Despite the fact that the judge is aware of the circumstances that limit the accuracy of his
forecasts, the illusion persists. Despite the extensive research demonstrating that selection
interviews are highly unreliable, psychologists who conduct selection interviews generally
have a high level of confidence in their predictions. Despite numerous examples of its
shortcomings, the clinical interview is still used for selection, demonstrating the tenacity of
this effect.

CONCLUSION:

Bias is typically thought of in terms of underlying motivations or interests, particularly in the


political realm.

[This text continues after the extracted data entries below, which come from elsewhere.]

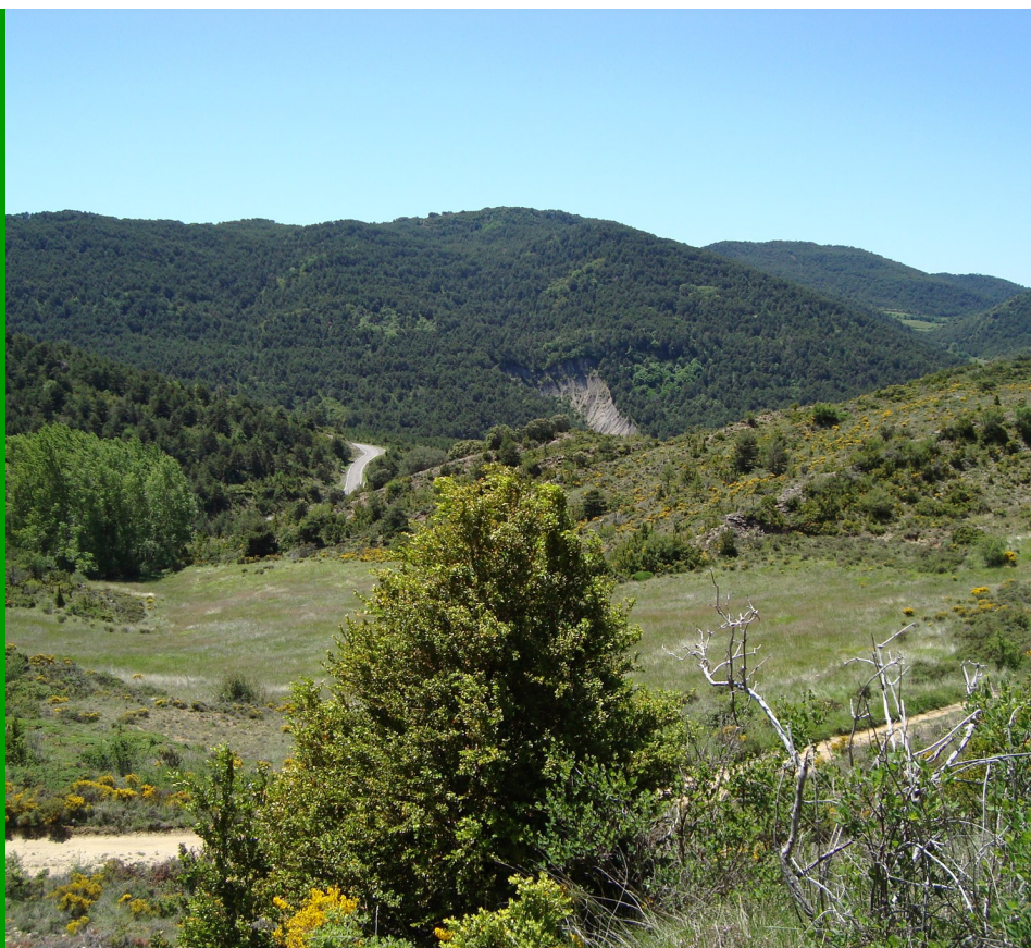
Vue du Parc, depuis un sentier de randonnée

Le Monastère est également un hôtel 4 étoiles. Le site internet donne toutes les modalités pour une réservation.
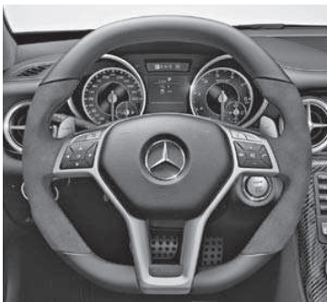
AMG Performance Lenkrad in Leder Nappa/Alcantara®
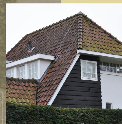
Combinatie met houten delen / stucwerk
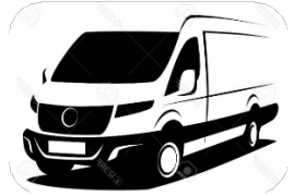
Dịch Vụ Vận Chuyển

The underlying premise of this book is that human judgments are plagued by
far more fundamental biases. Humans are not perfectly logical beings. Even when we have
perfect information and are free of motivational biases, we make bad decisions. Humans
have an uncharitable tendency to pass judgment on others; when seeking explanations for
other people's behavior, we attribute it to characteristics of the individual rather than the
situation in which they find themselves.